為了保險起見,溫含覺得還是先出去微妙,畢竟那影子來路不明。他喊道:“建安,許公子,你們在哪?聽到了吱個聲。”
寂靜。
唯一回應他的是沙沙樹響。溫含感覺情況有些不妙,他再次喊了一遍,依舊沒有得到回應。
“不是吧,還真鬧鬼不成?”溫含趕忙順著一個個廢棄的病房找了起來,但半天都不見人影。

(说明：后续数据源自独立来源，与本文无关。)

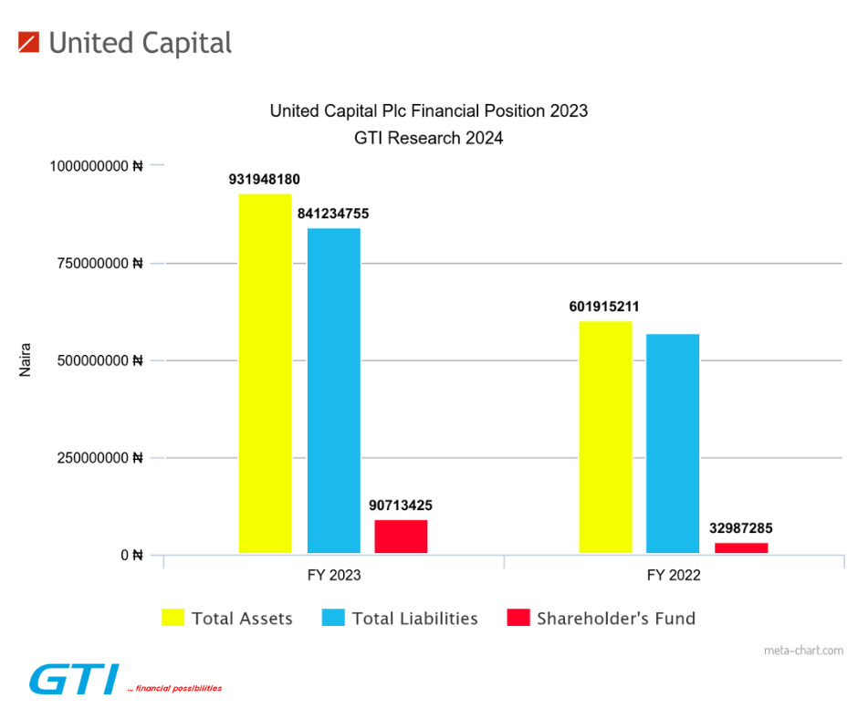 United Capital’s total liabilities grew by 48% year-on-year to N841.23 billion in FY 2023 compared to N568.93 billion in FY 2022.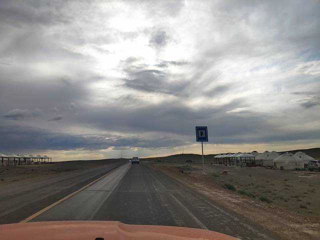大概旺季这些蒙古包里会出售当地特产,我们无缘咯。此时已是晚上十点,天空仍然亮着,我们追着太阳向前去。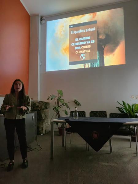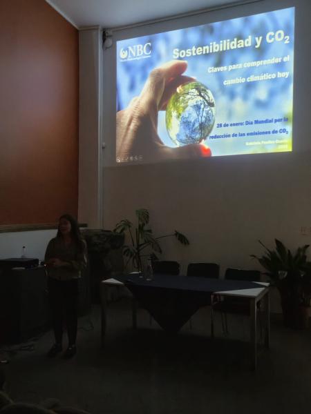 La jornada se inició con la presentación de Gabriela Puelles Osorio, Ingeniera Civil Bioquímica y profesional del Núcleo de Biotecnología de Curauma (NBC) de la Pontificia Universidad Católica de Valparaíso, cuyo trabajo se centra en cambio climático, huella de carbono, gestión de emisiones y sostenibilidad. Su exposición, titulada “Sostenibilidad y CO₂: claves para comprender el cambio climático hoy”, abordó las diferencias entre el cambio climático de origen natural, que ocurre de forma lenta y permite la adaptación de las especies, y el cambio climático actual, provocado por la actividad humana.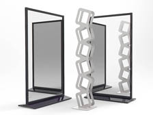 Famiglia di specchi, a parete autoportanti, inclinati, su ruote. Specchi sintetici.Specchi modulari e di grande formato.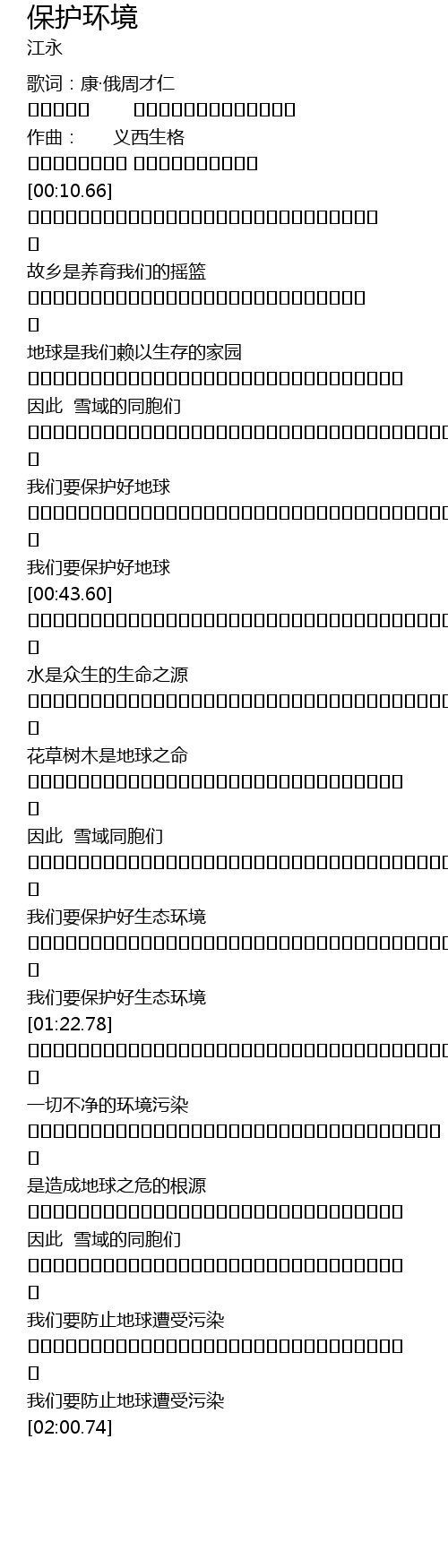 | [01:20.36] | 我们要保护好生态环境 |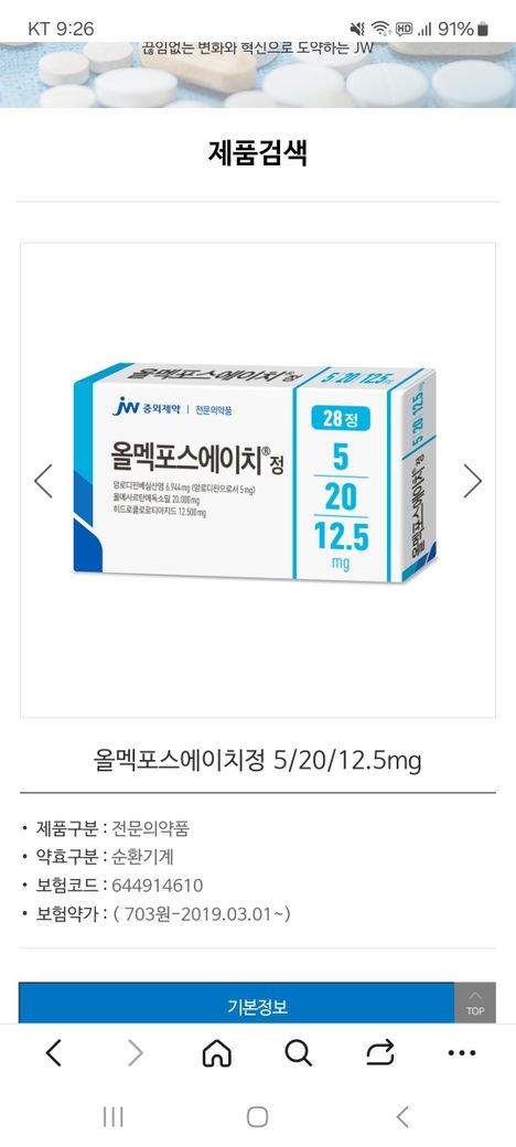 기존에 복용하던 발데사르플러스정보다 새로 처방된 올멕포스에이치정이 혈압 강하제 1종이 더 추가돼 효과가 강한 약 입니다.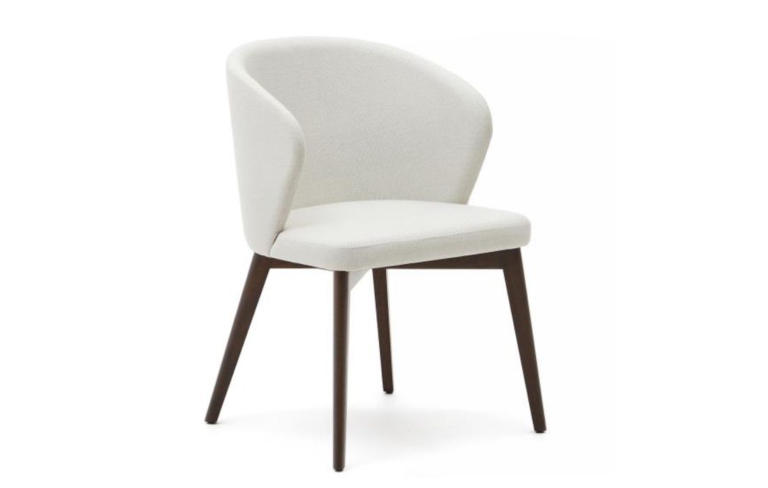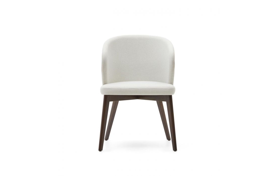 Armchair in beige fabric and brown wood.Dimensions in cm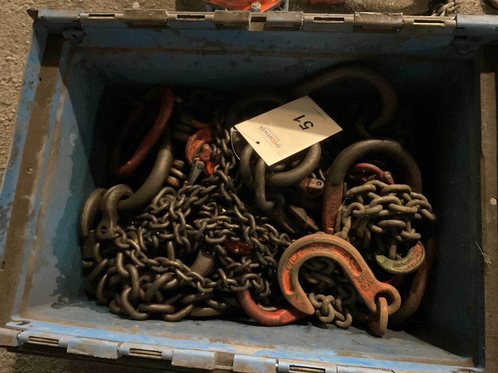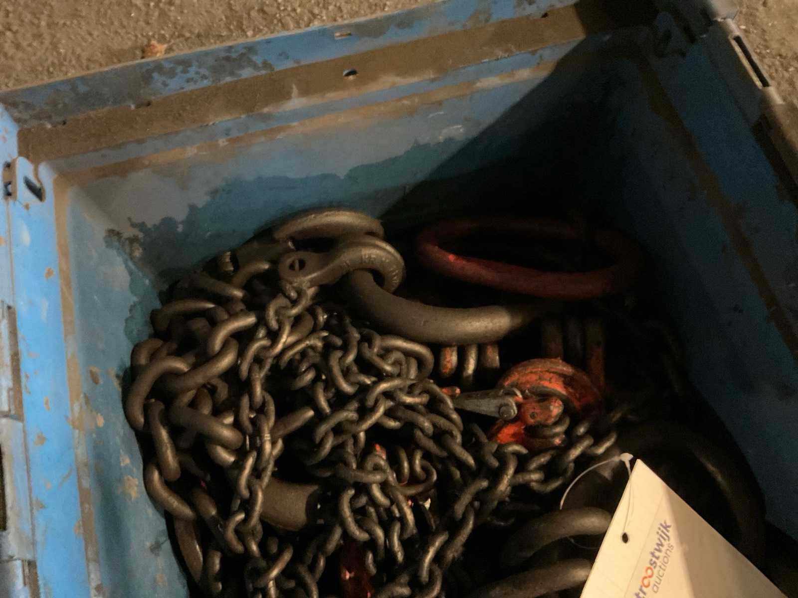 Diverse hijskettingen in krat. Nee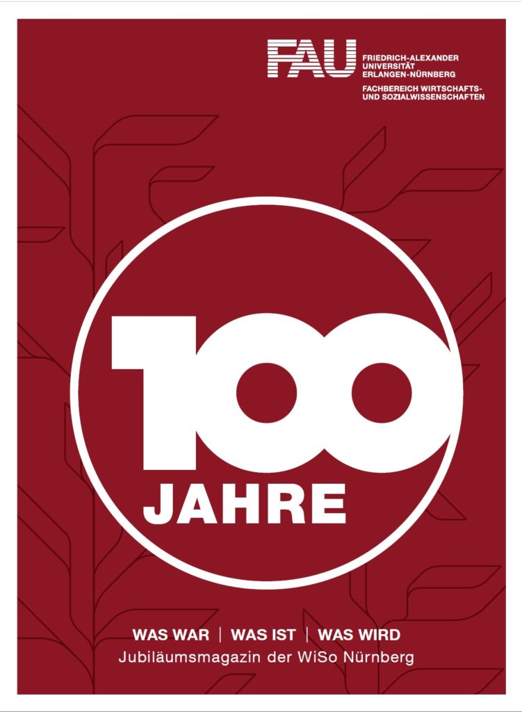 Im modernen Magazin-Stil und mit dem Blick nach vorne greift das Jubiläumsmagazin nun Geschichte und Geschichten rund um die 100. Jahre WiSo auf. Auf 82 Seiten findet sich umfangreicher Lesestoff zur Vergangenheit und zur Zukunft der WiSo Nürnberg. Eine bunte Sammlung Glückwünsche runden das Magazin ab und zeigen, wie tief verbunden die WiSo mit Wirtschaft, Gesellschaft und Region ist.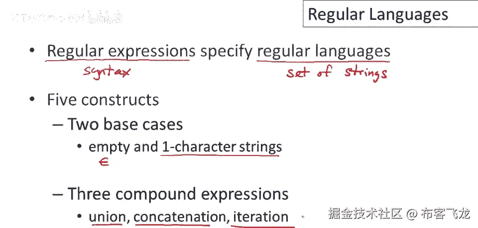 总结,词法分析的目标是将输入流分割为词素,好的,我们将划下分割线在字符串中,决定词素边界,并识别每个词素的标记,正因为从左到右扫描,有时需要前瞻,有时需要预览输入流以确定当前字符串。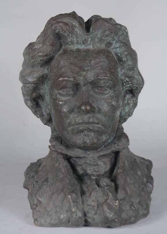 Busto masculino de bronze, assinado Irene.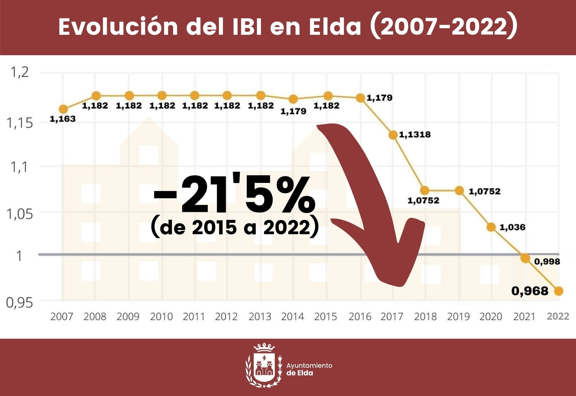 9 de noviembre de 2021.- El alcalde de Elda, Rubén Alfaro, ha anunciado esta mañana una nueva rebaja en el tipo impositivo del Impuesto de Bienes Inmuebles (IBI), que para el ejercicio 2022 se situará en el 0,968%. Esta bajada es la sexta desde 2016 y la reducción acumulada se sitúa ya en el 21,5%. Además, el resto de tasas e impuestos municipales no registrarán ningún incremento.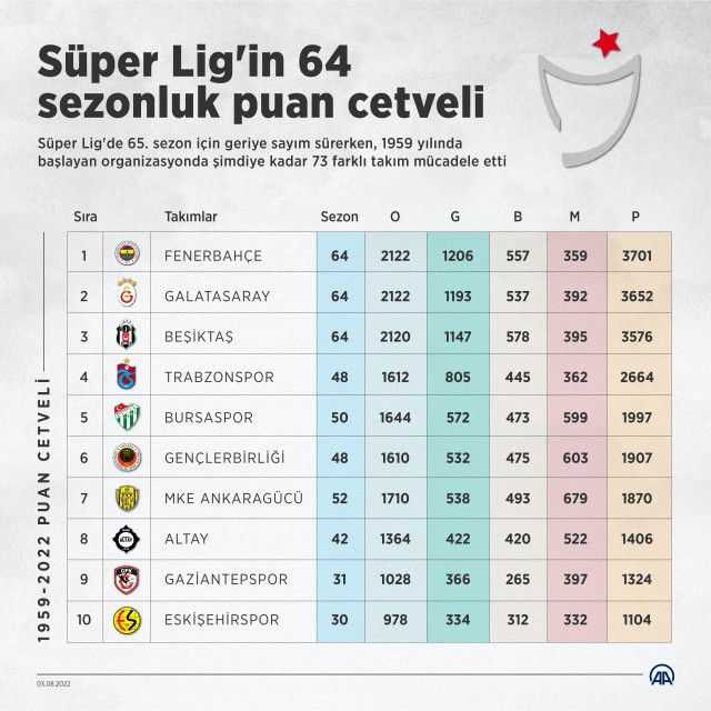 Galatasaray ise 2122 maçta toplam 3652 puan elde etti. Sıralamada Beşiktaş 3576 puanla üçüncü, Trabzonspor da 2664 puanla dördüncü sırada kendisine yer buldu.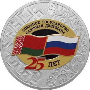 Реверс: цветное изображение символики, посвященной 25-летию со дня подписания договора о создании Союзного государства, на фоне рельефной композиции из белорусского и русского орнаментов.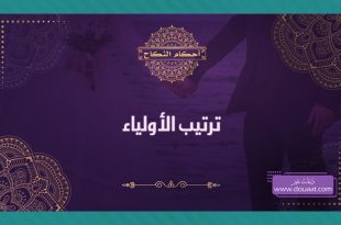 الآن ننتقل إلى ذكر ترتيب الأولياء. وأَوْلَى الولاة يعنى أحق الأولياء بالتزويج الأب فإذا كان الأب موجوداً وكان أهلاً لا يصحُ أن يعقِدَ غيرُه. ثم يلى الأب الجد أبو الأب. أما أبو الأم فلا ولاية له. ثم يليه الأخ للأب والأم أي الأخ الشقيق. ثم الأخُ للأب. ثم ابنُ الأخ الشقيق . ثم ابن الأخ للأب ثم العم الشقيق ثم …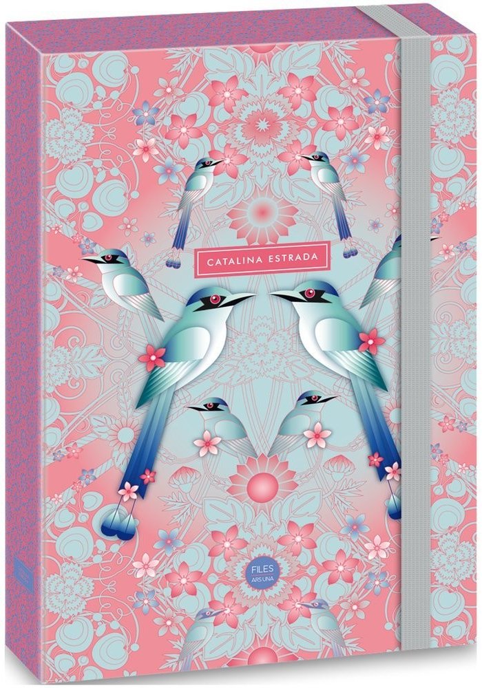 Box na sešity A4 Birds od výrobce Ars Una pro uložení dokumentů, výkresů a sešitů. Má krásný celoplošný tisk a design vhodný pro holky.Je vyroben z vysoce odolného, tvrdého lamino kartonu tloušťky 7 mm, který chrání umístěné listiny před poškozením. Uzavírání boxu je pomocí širší pružné gumičky, která důkladně udrží složku sevřenou. Ideální jako část školní výbavy.Rozměr: 23,5 x 4,8 x 33 cm

甚至連之前沒去的櫃台都一個個去找了,但是絲毫不見人影。這讓溫含的內心內心越發的擔憂起來。
“怎麽上個廁所的功夫,人就沒了。”
當然,這倆人也有可能趁著他上廁所的時間,跑到外面了。因為剛才,在溫含找人的時候,有觀察到攝像機都被擺放好了。
想到這裡,溫含趕忙向著醫院外面跑去。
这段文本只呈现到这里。